§ **What you have to do**:
From the line holding "劉俊彥同學(xué)獲得QS" through the line holding "6.5帖(2階)・洋室 6帖(2階) |" below, write out every line exactly; include both of those lines and drop the pictures.

§ **Records for the exercise**:
....................

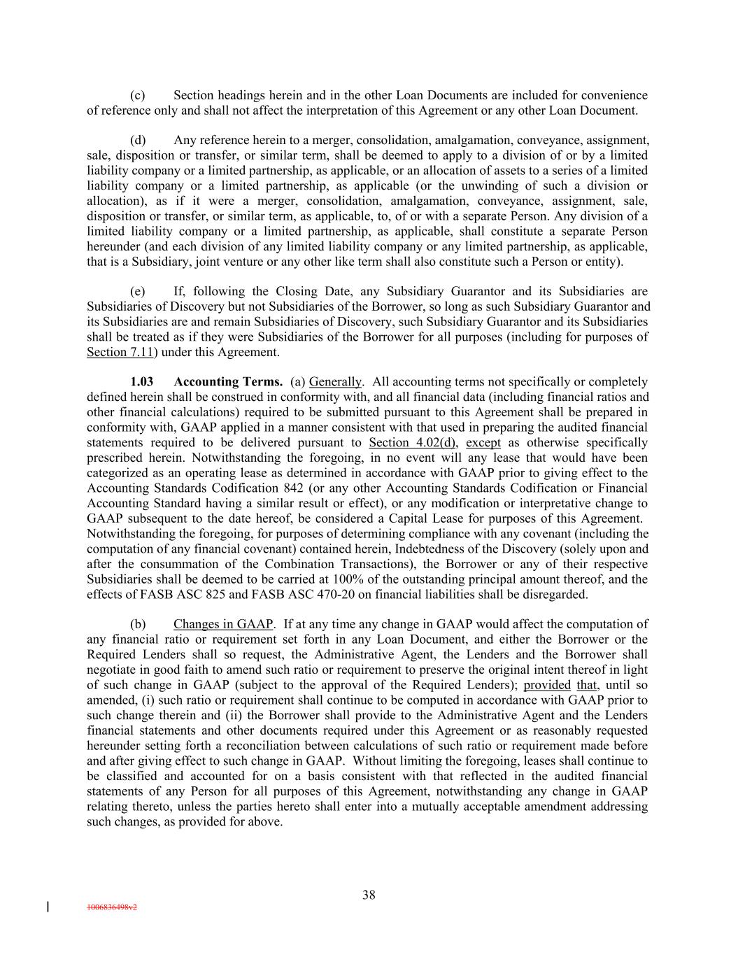 (c) Section headings herein and in the other Loan Documents are included for convenience of reference only and shall not affect the interpretation of this Agreement or any other Loan Document. (d) Any reference herein to a merger, consolidation, amalgamation, conveyance, assignment, sale, disposition or transfer, or similar term, shall be deemed to apply to a division of or by a limited liability company or a limited partnership, as applicable, or an allocation of assets to a series of a limited liability company or a limited partnership, as applicable (or the unwinding of such a division or allocation), as if it were a merger, consolidation, amalgamation, conveyance, assignment, sale, disposition or transfer, or similar term, as applicable, to, of or with a separate Person. Any division of a limited liability company or a limited partnership, as applicable, shall constitute a separate Person hereunder (and each division of any limited liability company or any limited partnership, as applicable, that is a Subsidiary, joint venture or any other like term shall also constitute such a Person or entity). (e) If, following the Closing Date, any Subsidiary Guarantor and its Subsidiaries are Subsidiaries of Discovery but not Subsidiaries of the Borrower, so long as such Subsidiary Guarantor and its Subsidiaries are and remain Subsidiaries of Discovery, such Subsidiary Guarantor and its Subsidiaries shall be treated as if they were Subsidiaries of the Borrower for all purposes (including for purposes of Section 7.11) under this Agreement. 1.03 Accounting Terms. (a) Generally. All accounting terms not specifically or completely defined herein shall be construed in conformity with, and all financial data (including financial ratios and other financial calculations) required to be submitted pursuant to this Agreement shall be prepared in conformity with, GAAP applied in a manner consistent with that used in preparing the audited financial statements required to be delivered pursuant to Section 4.02(d), except as otherwise specifically prescribed herein. Notwithstanding the foregoing, in no event will any lease that would have been categorized as an operating lease as determined in accordance with GAAP prior to giving effect to the Accounting Standards Codification 842 (or any other Accounting Standards Codification or Financial Accounting Standard having a similar result or effect), or any modification or interpretative change to GAAP subsequent to the date hereof, be considered a Capital Lease for purposes of this Agreement. Notwithstanding the foregoing, for purposes of determining compliance with any covenant (including the computation of any financial covenant) contained herein, Indebtedness of the Discovery (solely upon and after the consummation of the Combination Transactions), the Borrower or any of their respective Subsidiaries shall be deemed to be carried at 100% of the outstanding principal amount thereof, and the effects of FASB ASC 825 and FASB ASC 470-20 on financial liabilities shall be disregarded. (b) Changes in GAAP. If at any time any change in GAAP would affect the computation of any financial ratio or requirement set forth in any Loan Document, and either the Borrower or the Required Lenders shall so request, the Administrative Agent, the Lenders and the Borrower shall negotiate in good faith to amend such ratio or requirement to preserve the original intent thereof in light of such change in GAAP (subject to the approval of the Required Lenders); provided that, until so amended, (i) such ratio or requirement shall continue to be computed in accordance with GAAP prior to such change therein and (ii) the Borrower shall provide to the Administrative Agent and the Lenders financial statements and other documents required under this Agreement or as reasonably requested hereunder setting forth a reconciliation between calculations of such ratio or requirement made before and after giving effect to such change in GAAP. Without limiting the foregoing, leases shall continue to be classified and accounted for on a basis consistent with that reflected in the audited financial statements of any Person for all purposes of this Agreement, notwithstanding any change in GAAP relating thereto, unless the parties hereto shall enter into a mutually acceptable amendment addressing such changes, as provided for above. 38 1006836498v2
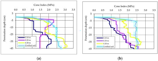 The average Cone Index in the three positions from the furrow centre. (a) Treatment A: oscillating plate in action; (b) Treatment B: oscillating plate inactive.
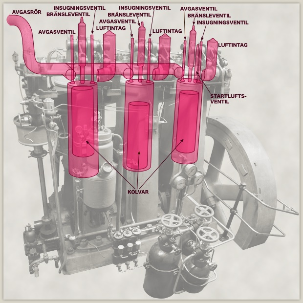 Till varje cylinder hör flera ventiler som tillsammans verkställer förbränningens cykel enligt fyrtaktsprincipen. När en kolv är på väg ner är insugningsventilen öppen för att få in luft i cylindern. Luften tas från det omgivande rummet genom luftintagen som egentligen bara är ett metallrör med spaltöppningar i. Kolven trycker ihop luften framför sig när den rör sig uppåt. Den komprimerade luften i cylindern blir mycket varm, ca 500°C. Då öppnas bränsleventilen som med hjälp av tryckluft blåser in diseloljan i den komprimerade luften vars värme gör att bränslet antänder. Förbränningen trycker ner kolven igen och rörelseenergi skapas. Det som blir kvar är avgaser och nästa gång kolven rör sig uppåt igen trycks de ut genom avgasventilen och vidare genom avgasröret. Cylinder nummer ett, längst åt höger, har även en startluftsventil där tryckluft skjuts in för att vid uppstart sätta kolvarna i rörelser.
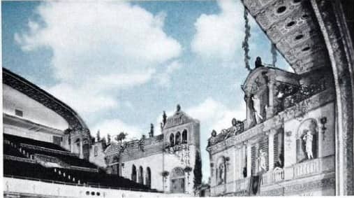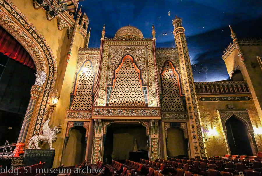 electronic and lighting effects were integral to creating these illusions. cove lighting would simulate the setting sun as the curtains opened, or constellations would flicker above to transform the room into a nocturnal space. projections on the ceiling using the brenograph magic lantern gave audiences the sensation of being in any number of settings at different times of day. the fantastical style is attributed to the austrian architect john eberson, who in 1923 created the houston majestic, the first so called “atmospheric theater” and a structure built at a fraction of the cost of a standard domed theater. one of eberson’s most elaborate projects in chicago was the avalon theater (1927), which combined middle eastern decor to mimic a persian mosque.
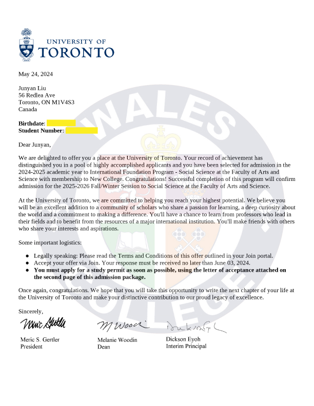 劉俊彥同學(xué)獲得QS全球排名21的多倫多大學(xué)主校區(qū)錄取offer!
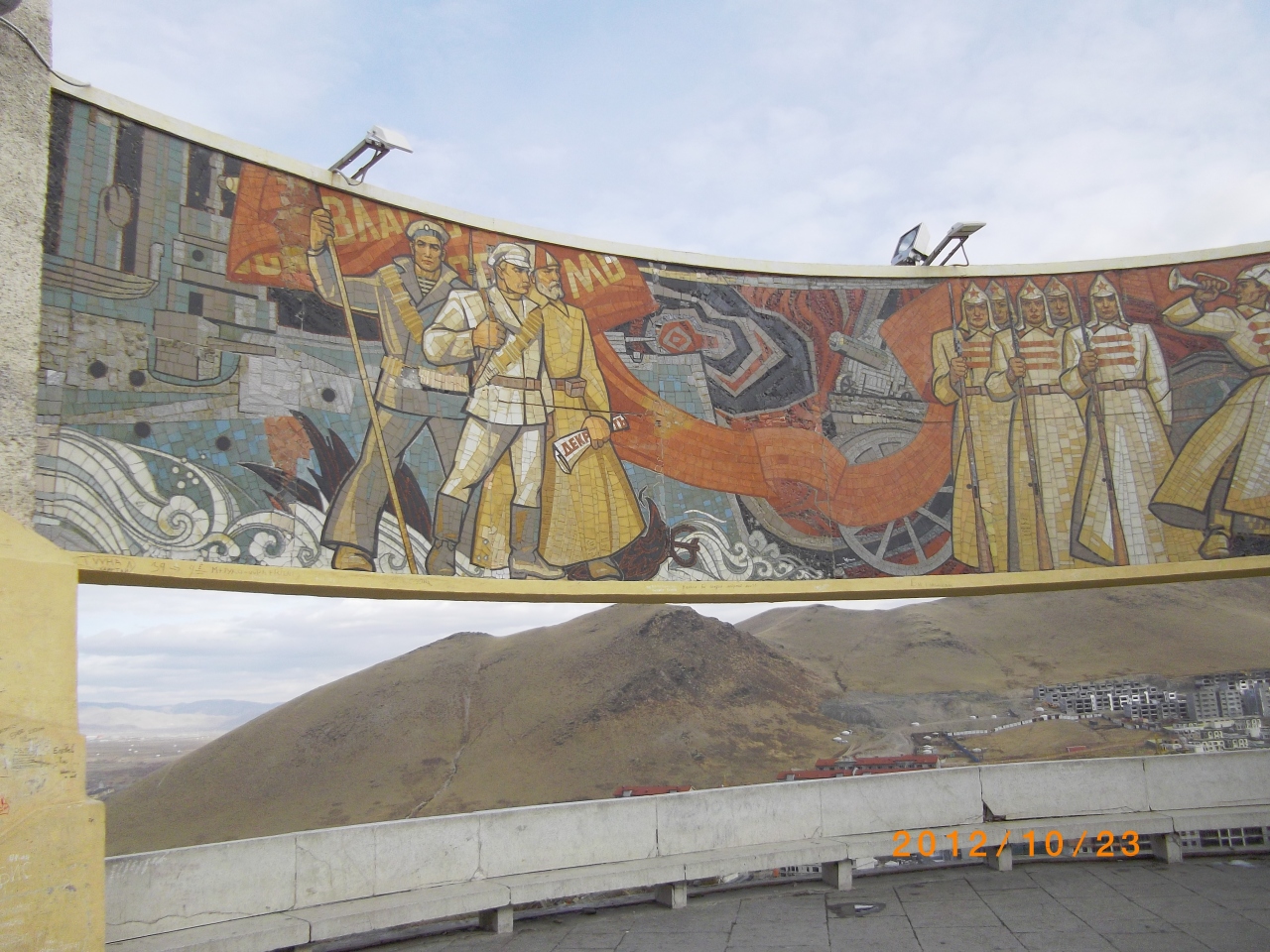 駐車場で車をおりて階段を少し上がります。丘なので風が強いです。ウランバートルの街を一望できます。
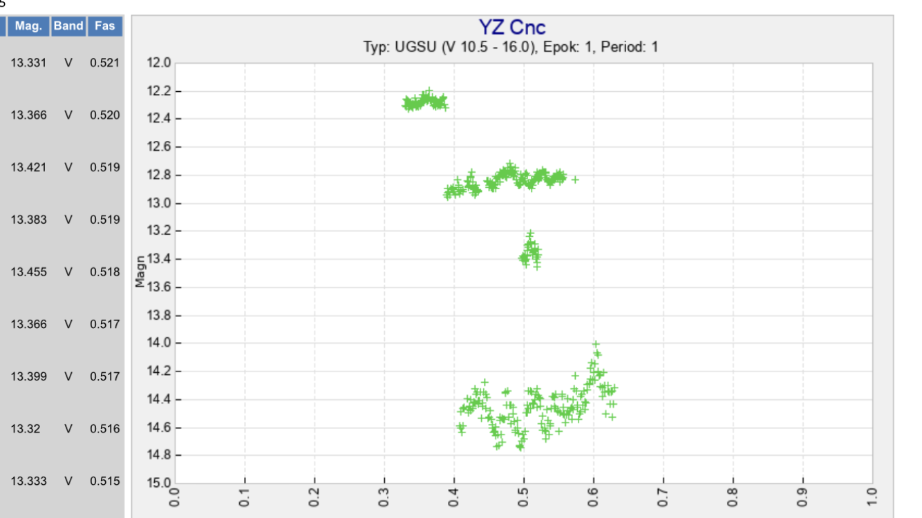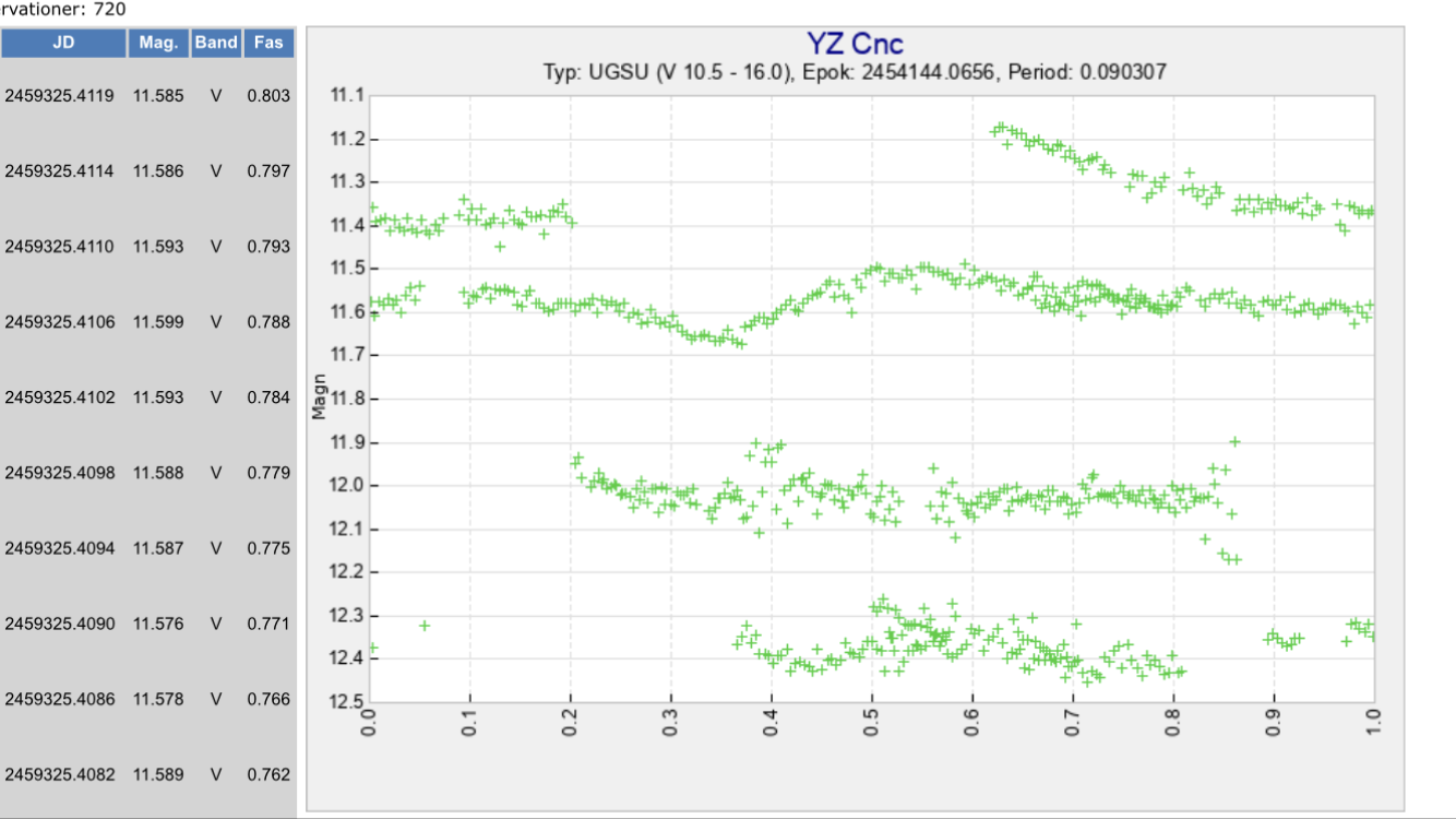Magnus Larsson har under de senaste månaderna producerat nio tidsserier av YZ Cnc. Dessa ses i den övre översiktliga bilden nedan.
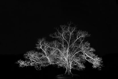 달빛은 잠이 들고 차가운 냉기에 흔들리는 별빛 가득한 어두운 겨울 밤, 외딴 시골 마을 어귀에 서 있는 앙상한 가지를 드러낸 헐벗은 당산나무.
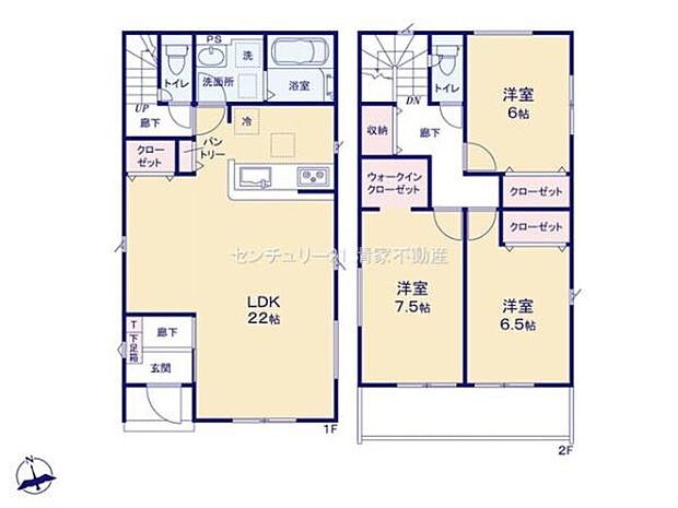 | 間取り | 3LDK 間取り内訳:リビングダイニングキッチン 22帖(1階)・洋室 7.5帖(2階)・洋室 6.5帖(2階)・洋室 6帖(2階) |
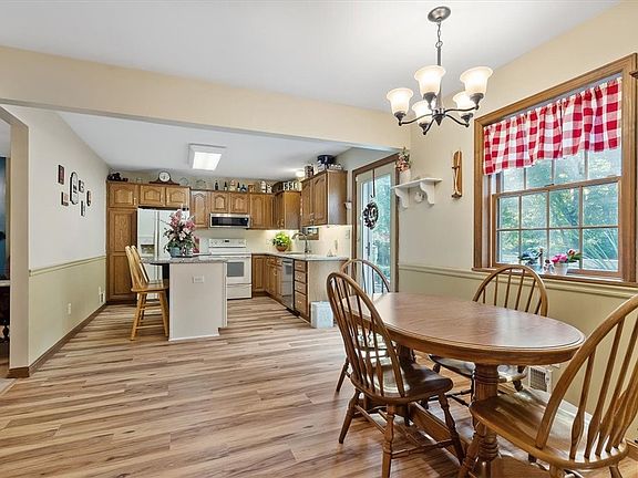 Enjoy the peace & serenity of this charming cape cod home on almost an acre lot. Lavish landscaping & inviting front porch greet you on arrival. Inviting entry & great floor plan welcome you & lead to large LV that features gas FP & large windows that allow tons of natural light into the space. Open concept KT & DR allow for easy entertaining & meal prep. Beautiful KT w/glowing oak cabinets, granite countertops & island. Hardwood floors & neutral color palette carry you into dining area. Main level living for your convenience w/1st floor master bedroom w/double closets & is adjacent to updated full bath. 1st floor laundry completes this level. Upstairs are 2 great sized bedrooms w/large closets & another updated full bath w/tub shower combo. Plenty of space for relaxing & gathering w/friends & family in LL w/pellet stove, ½ bath & completed by mechanical & storage room. Off KT, easy access to the tranquil setting from the privacy of rear deck overlooking expansive back yard & pond.

....................

§ **Solution to this problem**:
 劉俊彥同學(xué)獲得QS全球排名21的多倫多大學(xué)主校區(qū)錄取offer!
 駐車場で車をおりて階段を少し上がります。丘なので風が強いです。ウランバートルの街を一望できます。
Magnus Larsson har under de senaste månaderna producerat nio tidsserier av YZ Cnc. Dessa ses i den övre översiktliga bilden nedan.
 달빛은 잠이 들고 차가운 냉기에 흔들리는 별빛 가득한 어두운 겨울 밤, 외딴 시골 마을 어귀에 서 있는 앙상한 가지를 드러낸 헐벗은 당산나무.
 | 間取り | 3LDK 間取り内訳:リビングダイニングキッチン 22帖(1階)・洋室 7.5帖(2階)・洋室 6.5帖(2階)・洋室 6帖(2階) |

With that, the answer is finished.